AI-enabled ammunition merchandising machines may facilitate mass shootings and let folks circumvent federal bans prohibiting folks with sure felony convictions from shopping for ammunition, two senators warn.

Massachusetts Senators Ed Markey and Elizabeth Warren despatched a letter to the Bureau of Alcohol, Tobacco, Firearms and Explosives (ATF) asking it to “intently look at” facial recognition-enabled ammunition merchandising machines which have just lately been put in in supermarkets in sure states.

“Easy accessibility to ammunition helps to gasoline our nation’s gun violence epidemic, which now claims greater than 44,000 lives yearly.”

The machines, distributed by the Texas-based firm American Rounds, started showing in grocery shops in Alabama, Texas, and Oklahoma in July. American Rounds says the machines have “built-in AI expertise, card scanning functionality and facial recognition software program” that confirms the purchaser’s age and verifies that their face matches their ID. The machines don’t restrict how a lot ammunition an individual should purchase at a time.

“Easy accessibility to ammunition helps to gasoline our nation’s gun violence epidemic, which now claims greater than 44,000 lives yearly,” the letter reads. “Research present that rising the supply of firearms and ammunition results in extra accidents and deaths, particularly suicides, and that regulation of ammunition purchases will help cut back gun violence.”
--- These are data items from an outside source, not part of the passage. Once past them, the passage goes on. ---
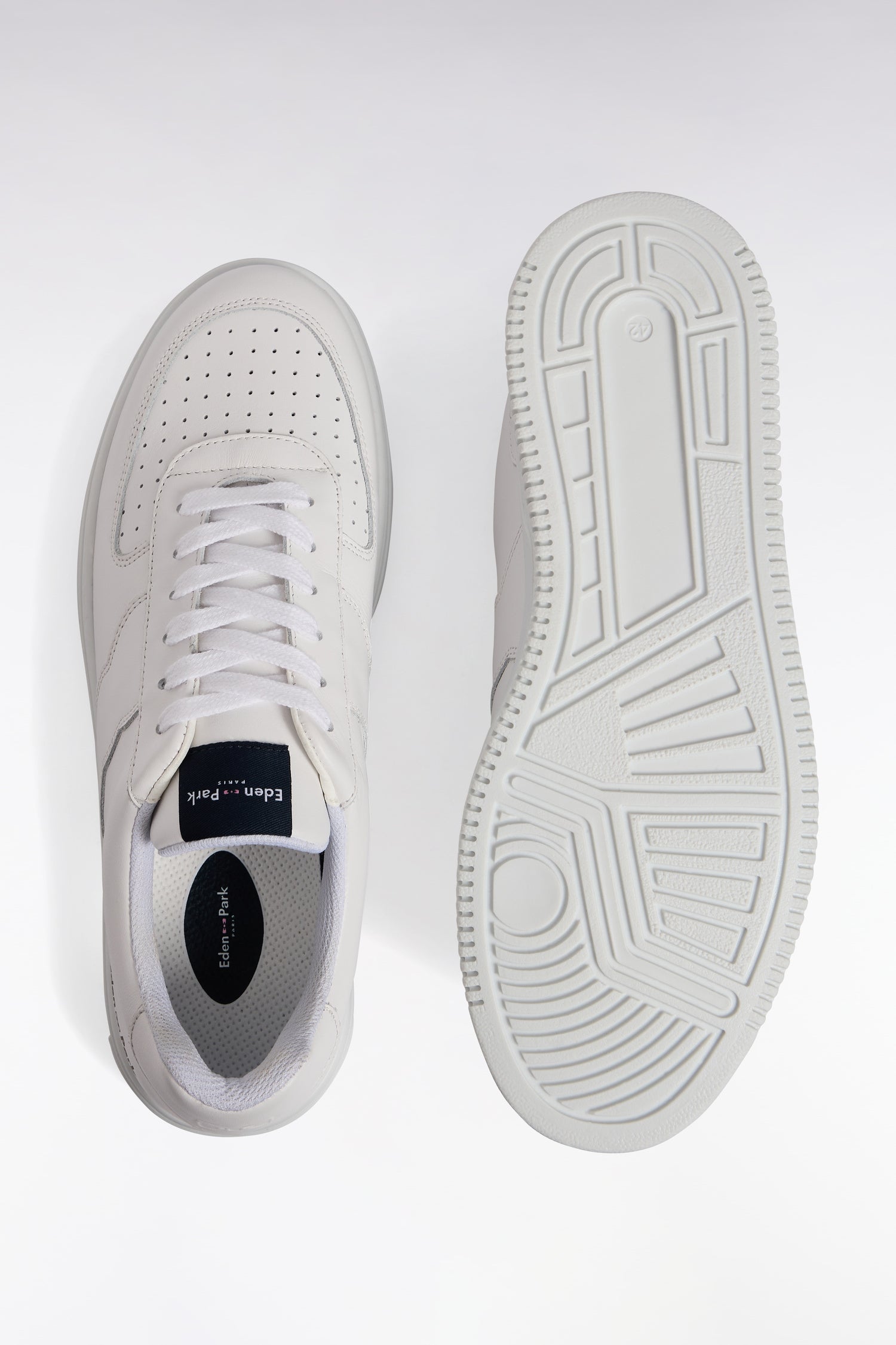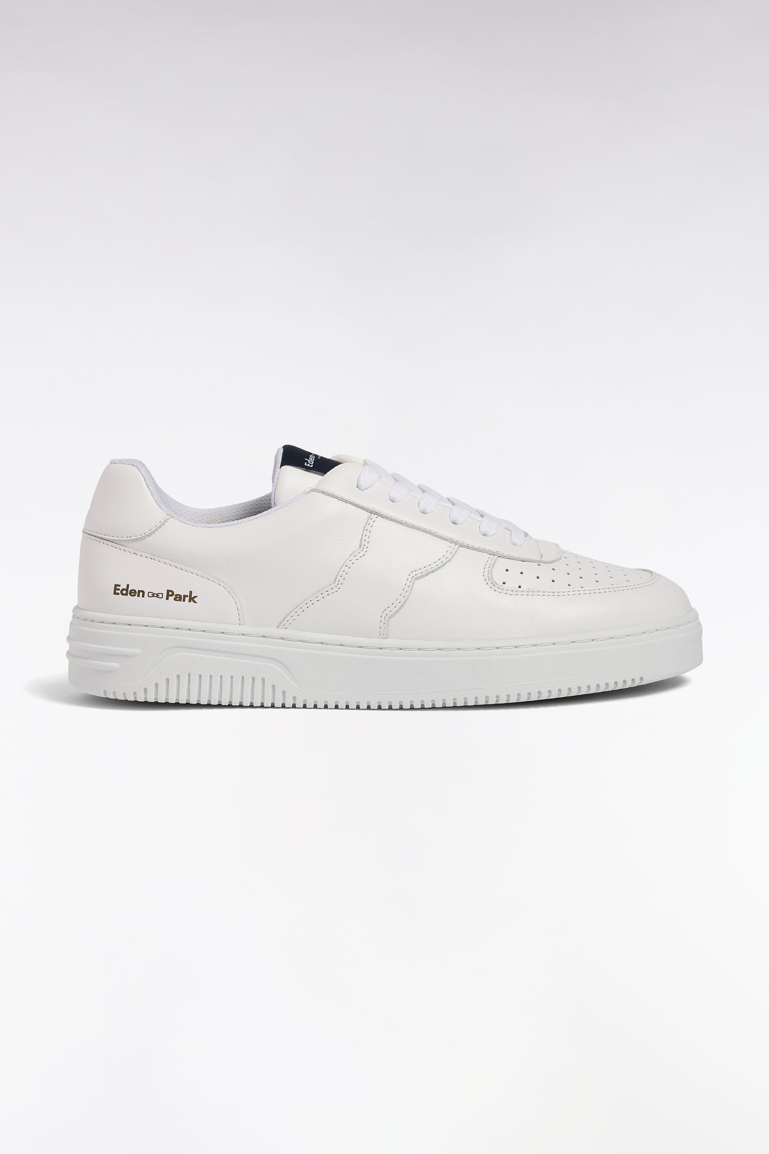 Intégralement confectionnées en cuir blanc pour un style sobre et moderne, ces baskets basses se distinguent par leurs finitions discrètes mais soignées. La languette marine siglée et l’embossage nœud papillon à l’arrière ajoutent une signature élégante, tandis que la semelle intérieure camel perforée garantit un confort optimal au quotidien et une respirabilité performante
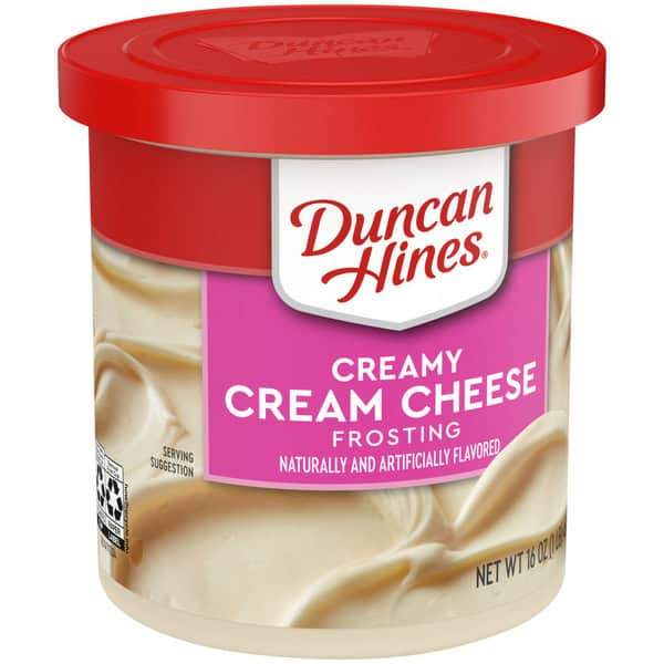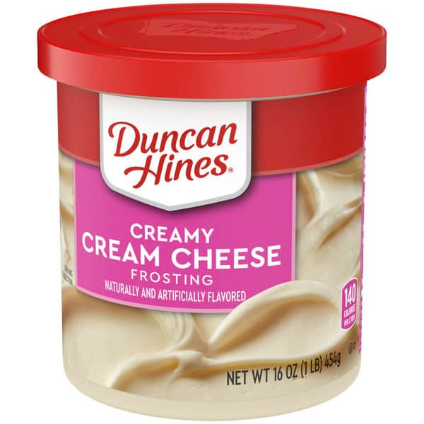 Duncan Hines Creamy Cream Cheese Frosting makes it easy to whip up irresistible treats. Its rich, creamy flavor satisfies your cream cheese cravings. Perfect for any occasion, this frosting pairs well with chocolate, vanilla or fruit flavored desserts. Use as a carrot cake, red velvet cake or chocolate cake frosting, strawberry cupcake frosting or dessert topping. This can of cream cheese frosting is enough to frost two 8 or 9 inch cake layers, a 13 x 9 inch cake or up to 24 cupcakes. Keep with your baking and cake decorating supplies to have on hand for any cookie decorating or cake decorating needs. Store the unopened can at room temperature and stir before use. Cover and refrigerate remaining frosting for up to 30 days. From whipped frosting, to single serve desserts, Duncan Hines has you covered when you’re ready to bake and create. Life is as sweet as you make it!
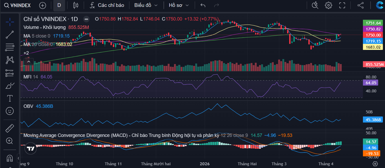 VN-Index đóng cách xa mốc MA20 tại 1.683 điểm và đang test lại vùng kháng cự ngắn ở 1.750-1.760 điểm, MACD đã cắt lên, chỉ số MFI đóng tại 64 cho thấy tiền vào thật nhưng chỉ số OBV chưa cắt qua đỉnh cũ thì chưa có sóng mạnh, theo đó, nhịp hiện tại vẫn là pha hồi kết hợp với tích lũy nâng nền giá.
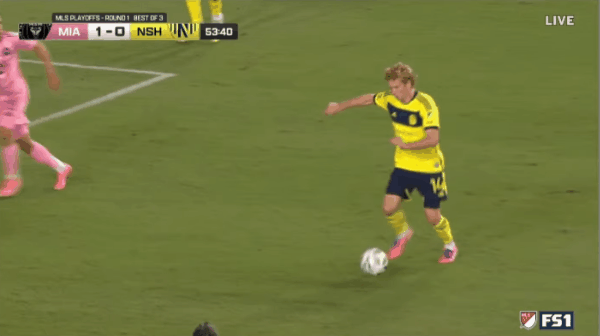 11’沙菲尔伯格运用迈阿密后防差错形成单刀,但打门时却摔倒
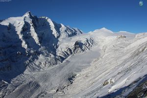 Links der Großglockners, davor die Pasterze, beides befindet sich auf Kärntner Gebiet
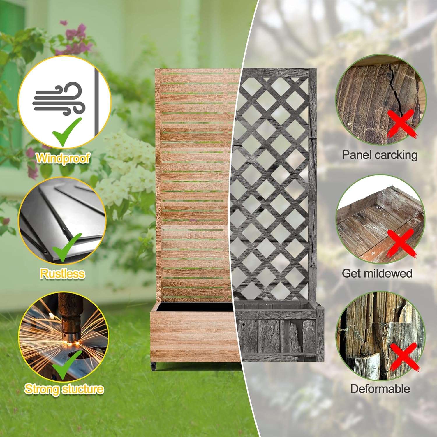 - 【Space-Saving Design】The combination of the planter box and trellis saves space while offering an attractive garden bed. This space-efficient solution is ideal for gardening enthusiasts facing space constraints, allowing them to cultivate beautiful gardens even in limited areas.
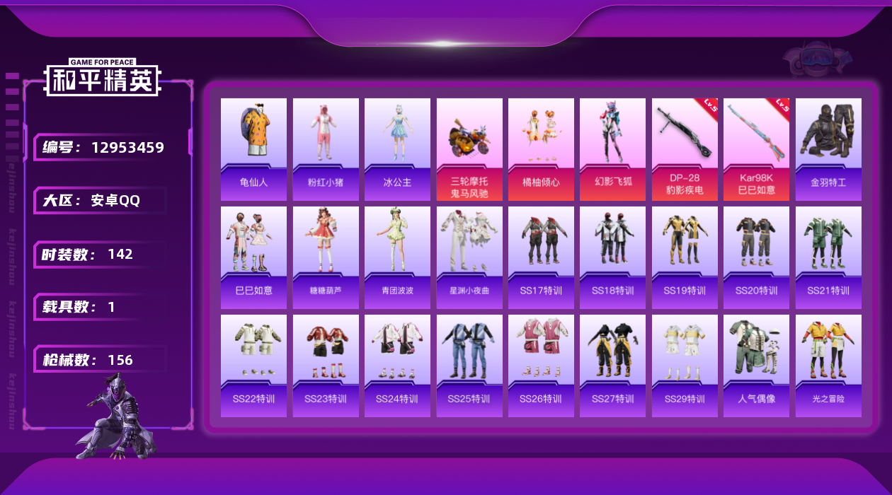 [12953459]【特价急出/详情看图】:安卓 手Q-2粉装-2特效枪-1载具-3粉色飞行器-4.7w热力值-9王牌印记-142套装-156枪皮【热门品类】:套装-奇异狩猎者,套装-金羽特工,套装-龟仙人,套装-粉红小猪【粉色载具】:鬼马风驰【粉色套装】:粉装-橘柚倾心,粉装-幻影飞狐【粉色枪皮等级】:Kar98K-巳巳如意(五级),DP-28-豹影疾电(五级)【粉色飞行器】:庄周梦蝶飞行器,闪光银龙飞行器,太空嘟嘟飞行器
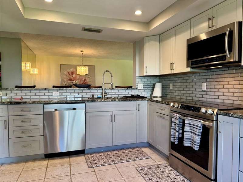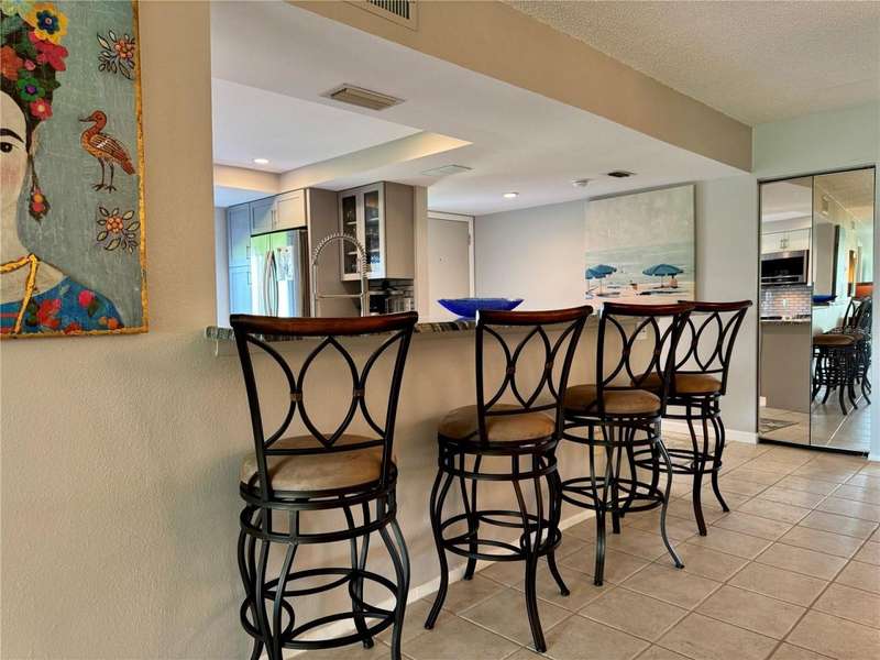 Welcome to this 1st-floor all-age condo that epitomizes effortless luxury and convenience. This turn-key furnished residence boasts 3-bedrooms, 2-full baths, and a carport. It provides a perfect blend of spaciousness and comfort. Revel in the stunning views of the IMG GOLF COURSE from the comfortably furnished lanai. The interior features an open floor plan that seamlessly connects the living spaces, highlighted by a RECENTLY REMODELED KITCHEN adorned with stone countertops. The kitchen's modern design sets the stage for culinary delights, while the stone countertops extend to both bathrooms, adding a touch of sophistication to these spaces. Immerse yourself in the tasteful ambiance of this beautifully furnished condo, where neutral tones create an inviting and timeless atmosphere. Safety and durability are prioritized, with the sliding doors facing the golf course being upgraded to IMPACT-RESISTANT WINDOWS(2022). Enjoy the outdoor patios -- One to the front of the home and the second overlooking the golf course. Convenience is essential, as this condo is strategically located near the airport, IMG Academy, State College of Florida, shopping destinations, Anna Maria Island, pristine beaches, and upscale dining options. Embrace the Florida lifestyle in this meticulously maintained and thoughtfully appointed condo, where every detail has been carefully curated for your comfort and enjoyment.

Markey and Warren’s letter says these machines carry “inherent dangers,” together with presumably permitting people who find themselves barred from buying weapons and ammo underneath federal regulation — together with folks with convictions for felonies or home violence misdemeanors and other people with lively home violence-related restraining orders — to avoid these restrictions. The letter additionally says that eliminating face-to-face gross sales means there’s no alternative to establish straw purchases. “[E]xperienced gun store workers could possibly detect when somebody makes an attempt to straw buy ammunition for one more and cease the transaction,” the letter reads. Clerks may additionally discover when a buyer is experiencing indicators of misery or different warnings that they plan on utilizing ammunition to harm themselves or others — and will refuse to promote to them.

The letter additionally takes challenge with the machines’ use of “unreliable and inaccurate facial recognition expertise,” noting that research present that facial recognition algorithms misidentify ladies and other people of colour at increased charges than they misidentify white males. “Given the numerous error charges with facial recognition expertise, ammunition merchandising machines increase critical considerations about false approval and potential authorized implications for each customers and distributors.”

“A federal license just isn’t required to promote ammunition. Nevertheless, industrial gross sales of ammunition should adjust to state legal guidelines in addition to any relevant federal legal guidelines,” an ATF spokesperson stated in a press release to CNN in July.

Markey and Warren have requested that the ATF present written responses to a listing of questions by August thirtieth. The ATF didn’t instantly reply to The Verge’s request for remark.